Glasgow Warriors have moved home from Firhill to Scotstoun this season and kicked off their season against Scarlets. The result wasn’t really what they were hoping (losing 13-18) for and the pressure of winning their first home game was made clear, especially in the press. Firhill had become a fortress where the opposition knew they would be in for a tough game. The last match at Firhill took place on the weekend of the innaugural glasgow 7’s tournament (at Scotstoun) and I was fortunate enough to attend both events, yes it was a long day!

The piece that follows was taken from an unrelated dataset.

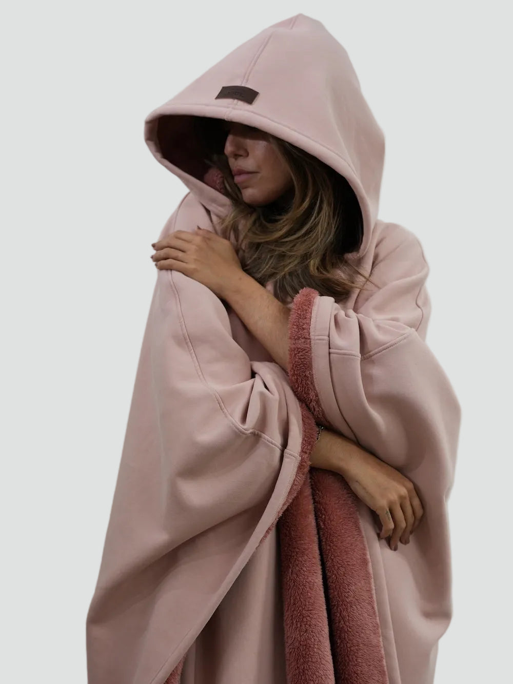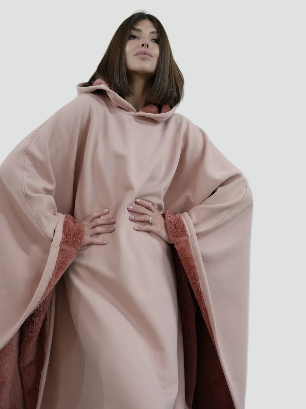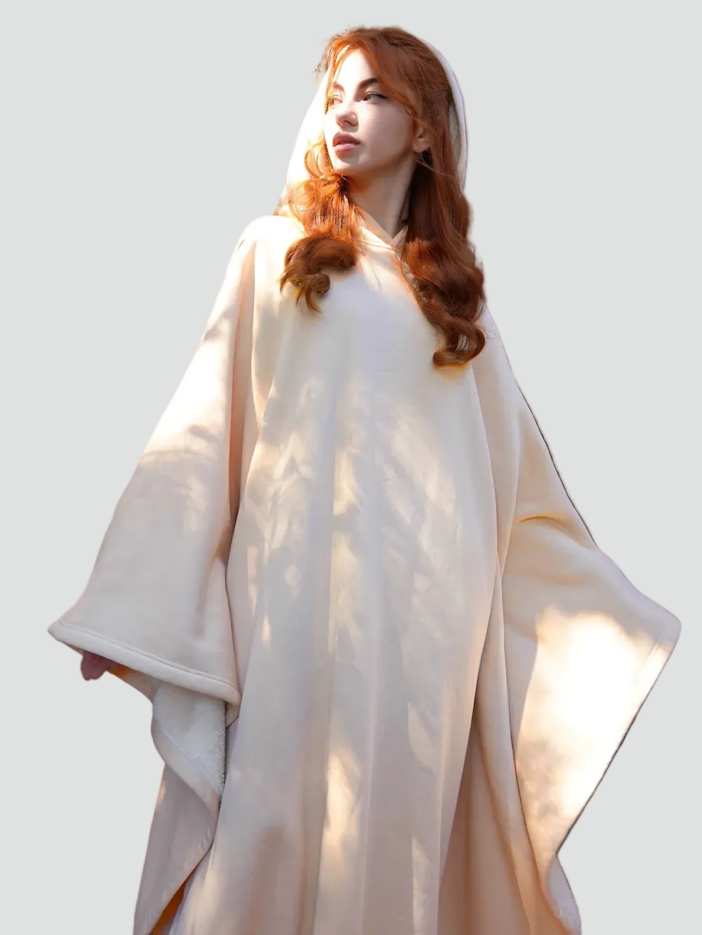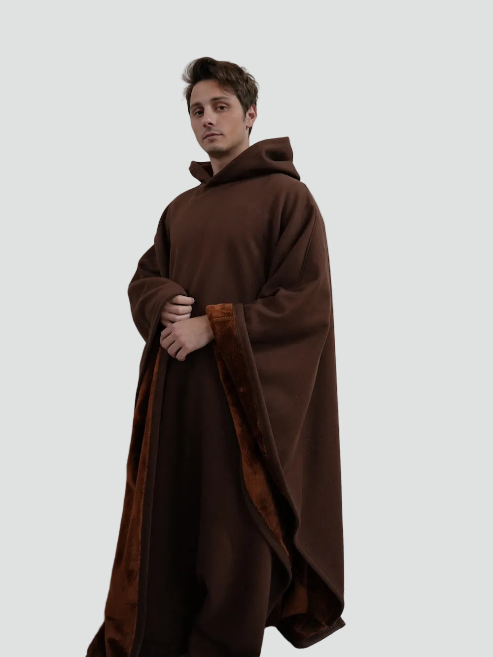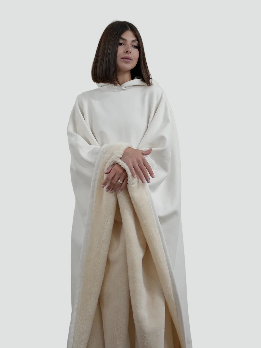 Ten ciepły koc ponczo z kapturem unisex to idealny towarzysz na chłodne wieczory, kiedy chcesz po prostu otulić się czymś miękkim i odpocząć. Z jednej strony gładki materiał, z drugiej supermiękki polar tworzą przytulny kokon, w którym możesz leżeć na kanapie, czytać książkę albo oglądać serial. Oversize’owy krój z wygodnym kapturem sprawia, że świetnie sprawdzi się zarówno w domu, jak i na tarasie, kempingu czy podczas zimowych wyjazdów.

There only appeared to be a handful of photographers at the final match at Firhill (most were at the 7’s tournament), the first match at Scotstoun saw about 20 photographers , mostly agency , press and freelance.

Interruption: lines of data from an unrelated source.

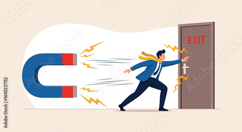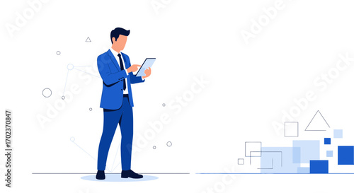 Vector illustration of hunter shooting flying wild duck. Hunter people flat style design element, icon isolated on white background.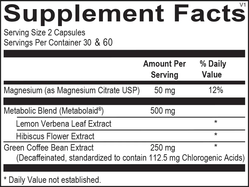 Magnesium (as Magnesium Citrate USP), Metabolic Blend (Metabolaid®) (Lemon Verbena Leaf Extract, Hibiscus Flower Extract), Green Coffee Bean Extract (Decaffeinated, standardized to contain 112.5 mg Chlorogenic Acids)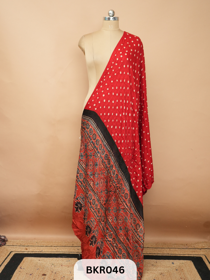 A: It’s a handcrafted cotton dupatta that uniquely combines Gujarati Bandhani (tie-dye) with Sindhi Ajrakh (natural block printing), representing two of India’s oldest textile traditions in one wearable art piece.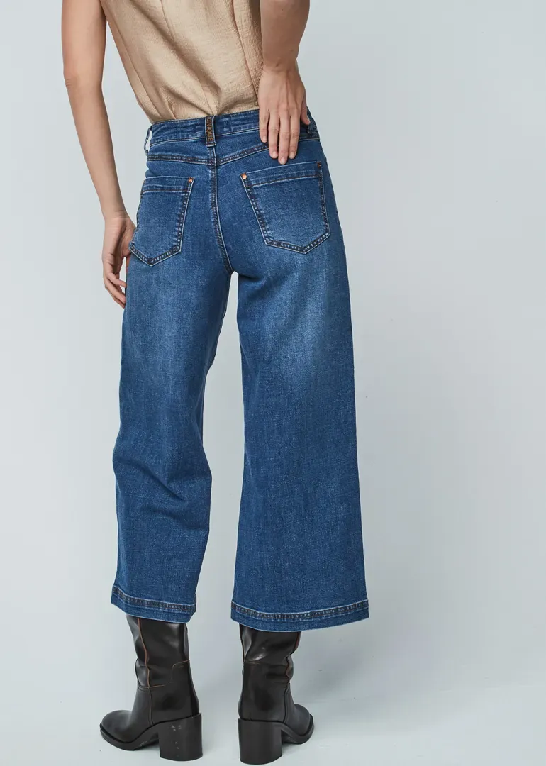 Pantalón ancho tobillero, de cinturilla alta.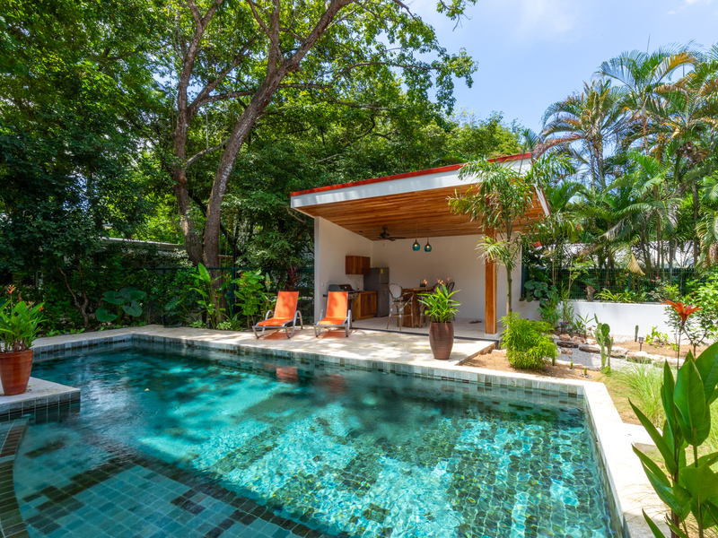 Relax by your private 10 meters long, salt water pool, surrounded by tropical greenery, and dancing humming birds and butterflies. The outdoor BBQ area offers the perfect space to cook delicious meals by the pool and gather with your friends and family.
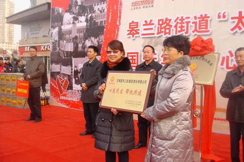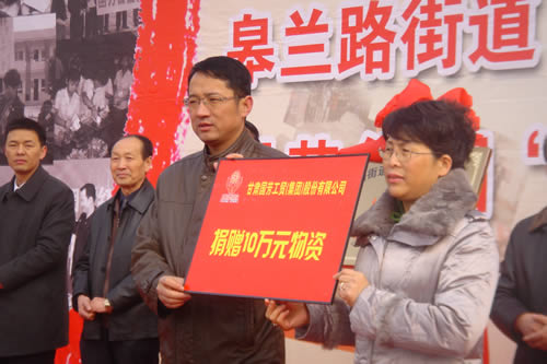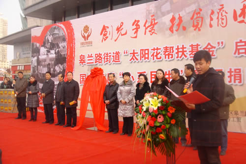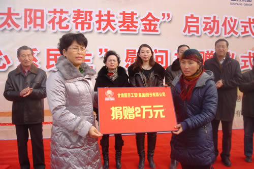 2012元月6日下午3時,甘肅國芳集團(tuán)聯(lián)合城關(guān)區(qū)皋蘭路街道黨工委、辦事處舉行了“創(chuàng)先爭優(yōu)、扶貧濟(jì)困”太陽花幫扶基金啟動儀式,充分體現(xiàn)民生為本的服務(wù)宗旨,著力搭建社會幫扶救助平臺,切實解決弱勢群體實際困難,促進(jìn)和諧街道建設(shè)。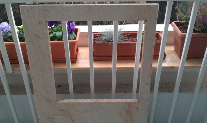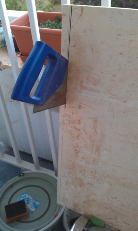 Az erkélyen két szék segítségével elkészül az ideiglenes fűrészbak.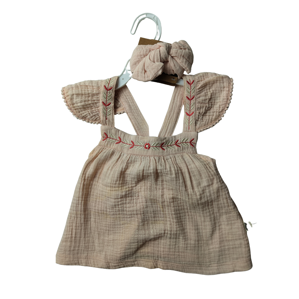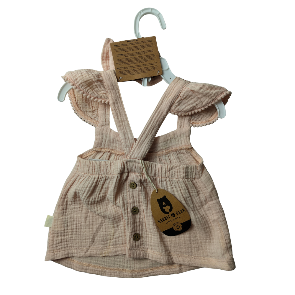 Made from organic cotton muslin, this outfit is soft, breathable, and perfect for warm weather. The embroidered back straps add a playful touch, while the elastic waistband ensures a snug and flexible fit. Ideal for everyday wear, outings, or gifting.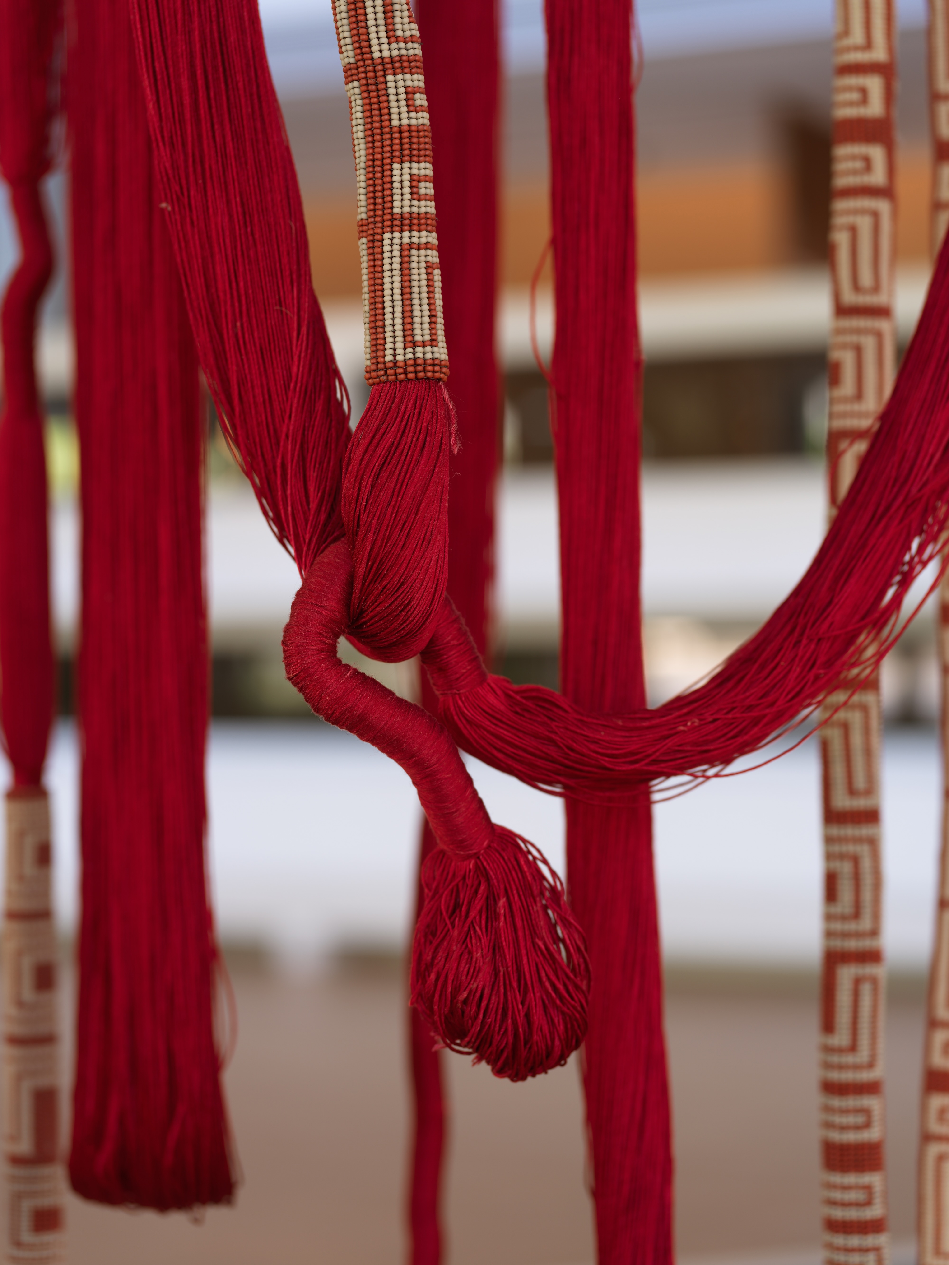 Interlocking strands of glass beads in geometric patterns, varying in colour, thickness and length, are interwoven with vertical white steel rods or narrow, elongated pieces of wood.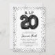 Aménagez vos 20 ans avec nos invitations d’anniversaire adultes uniques. Montrant un arrière - plan blanc pointu avec des ballons d'hélium noir qui expliquent "RIP to my twenties", cette invitation ajoute une touche amusante aux anniversaires marquants. Accentué de bords de parties scintillant noires et d'un modèle de texte d'anniversaire convivial, vous pouvez facilement personnaliser cette invitation pour refléter votre propre style et vos plans de célébration.

Having recently carried out some work for Kidz in Sport over the last few months doing team and individual shots and previous experience with Shrewsbury Rugby Club over the last few years I’ve decided to put down some thoughts on the process of shooting sports teams and individuals.
Generally it’s good and polite to arrive early; at least 30 minutes before the arranged time, after double checking and confirming the time that the team is expecting you.

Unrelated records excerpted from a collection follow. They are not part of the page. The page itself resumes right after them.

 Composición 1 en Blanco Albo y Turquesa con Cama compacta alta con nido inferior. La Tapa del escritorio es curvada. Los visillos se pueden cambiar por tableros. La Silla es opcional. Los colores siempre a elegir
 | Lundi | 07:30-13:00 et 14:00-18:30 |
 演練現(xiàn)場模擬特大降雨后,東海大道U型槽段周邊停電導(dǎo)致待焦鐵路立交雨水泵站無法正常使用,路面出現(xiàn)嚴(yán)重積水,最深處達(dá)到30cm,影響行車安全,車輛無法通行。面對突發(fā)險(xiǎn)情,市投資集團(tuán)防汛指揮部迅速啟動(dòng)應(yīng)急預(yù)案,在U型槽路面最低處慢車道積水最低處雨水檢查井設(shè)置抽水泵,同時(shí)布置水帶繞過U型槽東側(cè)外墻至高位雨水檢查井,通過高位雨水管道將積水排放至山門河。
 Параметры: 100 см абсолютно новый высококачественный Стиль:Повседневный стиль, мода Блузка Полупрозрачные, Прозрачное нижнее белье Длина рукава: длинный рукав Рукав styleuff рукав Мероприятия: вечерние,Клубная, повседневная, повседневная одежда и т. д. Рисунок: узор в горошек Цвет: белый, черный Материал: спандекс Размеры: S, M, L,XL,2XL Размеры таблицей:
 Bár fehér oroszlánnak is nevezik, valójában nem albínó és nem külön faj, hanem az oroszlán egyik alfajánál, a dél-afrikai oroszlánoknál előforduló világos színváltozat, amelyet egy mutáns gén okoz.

This gives you time to survey the area, look for a suitable location, check the weather conditions, check the lighting conditions, where the shadows are likely to fall, check equipment so that you are ready to go when the team is ready.
I’ve generally found that one or two people from a team will be late, sports kit will need to be changed into and coaches will have more on their mind than a photoshoot so it is essential to be quick and professional.
These are fairly basic rules, not hard and fast, but there is quite a lot to remember and with experience, these will become second nature.
Generally these tips will apply to both team and individual although the pose for the team and individual will have to be pre-planned on the pre shoot survey – ideally beforehand or on the day.
I have found it easier to do the team shoot first so that everyone is together to enable a “line-up” for individual shots – the other way round and you have to try to get the team back together which can be tricky.
Names, if required can be taken and written by the coaches if possible – this keeps them busy while you are in charge of their team for a while.
Battery charged, lenses clean, enough clear memory cards – basic camera bag checks before leaving for the shoot
Ensure everybody is present, who needs to be (someone will always be late in a team!)
Direct the shoot – generally coaches ask – ok where do you want us? – Of course you will already know this having done the survey
Be as quick and efficient as you can, you really need to be thinking on your feet – there may be other more important things like a match or training to consider.
If shooting youngsters – parents can be an obstacle – they all have cameras or want to take pictures on their mobile – plan to go where parents can’t – on the pitch is sometimes good if possible
Flash is essential piece of kit especially if shooting into the sun, generally if the subject is looking into the sun they will end up squinting!
Check the shadows on everyone’s face if it is a team shot, adjust the people if required to allow good facial lighting
Use a ball, trophey or piece of equipment associated with the sport – this also helps put the subject at ease.
Check background is clear and doesn’t interfere with subject
Make the team look good – try to get everyone kneeling on the same knee, all shirt sleeves rolled down, all arms crossed, sponsor and club badge visible, all team in the same kit, – all the same whatever the rules.
Balance tall and not so tall people in the frame of the shot – balance the goalkeeper (usually different colour top) – prop a ball or trophy in front of the team – equal numbers in equal rows
Try to get everyone to smile pleasantly, look at the camera and don’t blink for 5 minutes (usually gets a laugh!) take several shots – someone always blinks!
If the team are youngsters then try to avoid having the coaches in the shot– unless they are sitting to keep the height balanced.
Shoot a close shot with a 35/50mm filling the frame then go further back and zoom up to 80mm – longer if necessary to get a good fill of the viewfinder – Kneel down to shoot to add to the aspect.
For individual shots suggest your subject kneels on one knee with hand on a ball for example – shoot from above to get a clean background of – well, ground!
Generally, sports people are not too keen on posing as they would rather be doing – sports, but with a bit of persuasion and “banter” you should be able to get them on your side and they usually do like the results.
– remember time is short and they want to do what they do best and you want to do your best to make them look good!
the screenshot above doesn’t follow all the rules – “but practice makes perfect.”
Follow up with web and print sales opportunities and discuss future opportunities for action shots, tournaments and annual visits.
Always be natural, polite and enthusiastic.